I was still sitting there ten minutes later, blinking back tears, when Carlisle's soft tread sounded on the stairs.

"There you two are," he said softly as he took in our position. My arm was curved protectively over Edward, almost daring anyone to try to take him from me. I wasn't going to be forced from my home and my son without a fight.

"I was wondering where that bag had gotten to." He pointed to the plastic sack lying limply next to my feet. "I had no doubt as to where he would be."

I gritted my teeth, willing myself not to say anything biting about his ex-wife. Our only truly major fights had been concerning her, his willingness to protect her, and my absolute loathing. "He needed his Mommy," I said simply.

Carlisle swallowed and frowned. "I'm sure he did."

"What happened at the store, Carlisle?" I asked quietly when he didn't elaborate.

With a heavy sigh, he crossed the room and stooped next to the arm of my chair, his fingertips grazing his sleeping son's back. The gesture was simple, but filled with care.

"We stopped by the grocery store. I wanted to pick up something for dinner so you didn't have to cook and it was our last stop. Edward was tired and he kept telling me that he wanted 'mashnas.' I couldn't figure out what he was talking about; I got frustrated and turned my back so I didn't yell at him. My hand was still on him," he assured me when my eyes widened.

"Then, she was right there, telling him that he was a 'bad penny' and that he shouldn't make his daddy so mad. That I'd leave him too if I didn't get my way. I told her to go away and to leave my son alone and she just laughed. She asked me if keeping him was worth the loss and told me that he shouldn't have been born." Carlisle's eyes sparked in anger at the memory. "He cried, Esme, as she walked away and told me that he was sorry for being bad. Then he told me that he didn't need the 'lello mashnas' if I would still be his daddy."

Carlisle's eyes watered and he choked on his closing throat. "My son thought I would give him away because he asked for a fucking banana."

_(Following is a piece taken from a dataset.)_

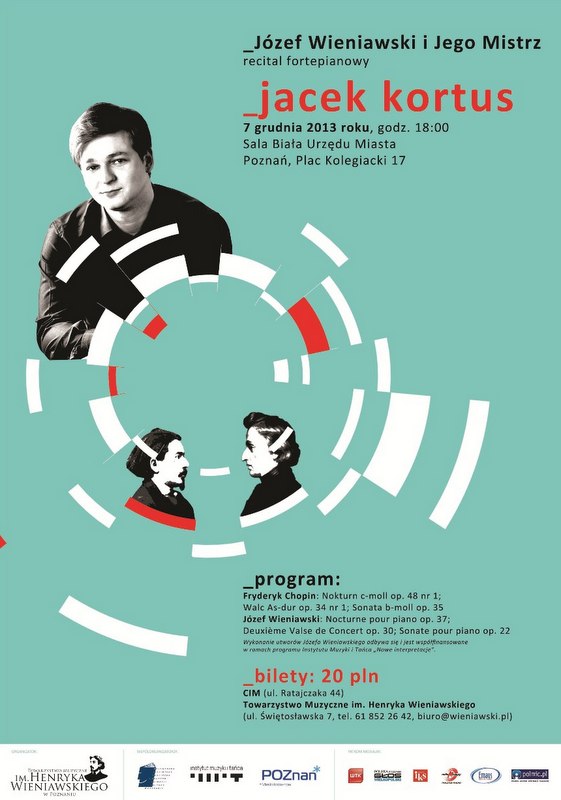 Program recitalu: Fryderyk Chopin, Nokturn c-moll op. 48 nr 1, 1841 r., Fryderyk Chopin, Walc As-dur op. 34 nr 1, 1838 r., Fryderyk Chopin, Sonata b-moll op. 35, 1839 r., Józef Wieniawski, Nocturne pour piano op. 37, ca. 1884 r., Józef Wieniawski, Deuxième Valse de Concert op. 30, ca. 1880 r., Józef Wieniawski, Sonate pour piano op. 22, ca. 1858 r.

The tears I'd worked so hard to keep at bay rolled down my cheeks. I laid my hand in my husband's hair as he struggled to recover himself, offering him all my love and what strength I had. I knew that Edward's first year had been hard on both of them. Edward looked so much like Elizabeth that it was hard not for him not see her in him. There had been many nights when he told me how guilty he felt for ignoring his son.

"You know I love you, don't you, Esme?" he asked earnestly, his eyes shooting to mine, searching for the truth. "You and Edward and the new babies?"

I wasn't sure who he was trying to convince, himself or me, but I smiled at him and nodded. I knew he loved me and I would assure him of that. I just didn't know if he still loved her more.

His eyes were fierce and I knew he'd seen through me. "I mean it, Es. I love you more than life itself and I will be grateful everyday that she walked away so that you could come into my life. Mine and Edward's. You saved us both and no matter what I do for the rest of my life, you will know how much you mean to me."

"I love you," I whispered as my own emotions got the better of me. I could see the truth in his eyes and it astounded me. He did love me with his whole heart and there was no place for her left.

For the first time I could remember, Carlisle reached for Edward and took him from my arms. He held our boy close to his chest and nuzzled his hair, inhaling brokenly. "I would never give you away, Edward. You are my son and you always will be," he whispered firmly, squeezing tightly to the sleeping child.

It wasn't the last time Elizabeth attempted to interfere in our lives, but it was the last time I truly worried about her presence. She had let the most amazing family slip through her fingers in her selfishness and I wasn't going to give them back. They were no longer hers to have.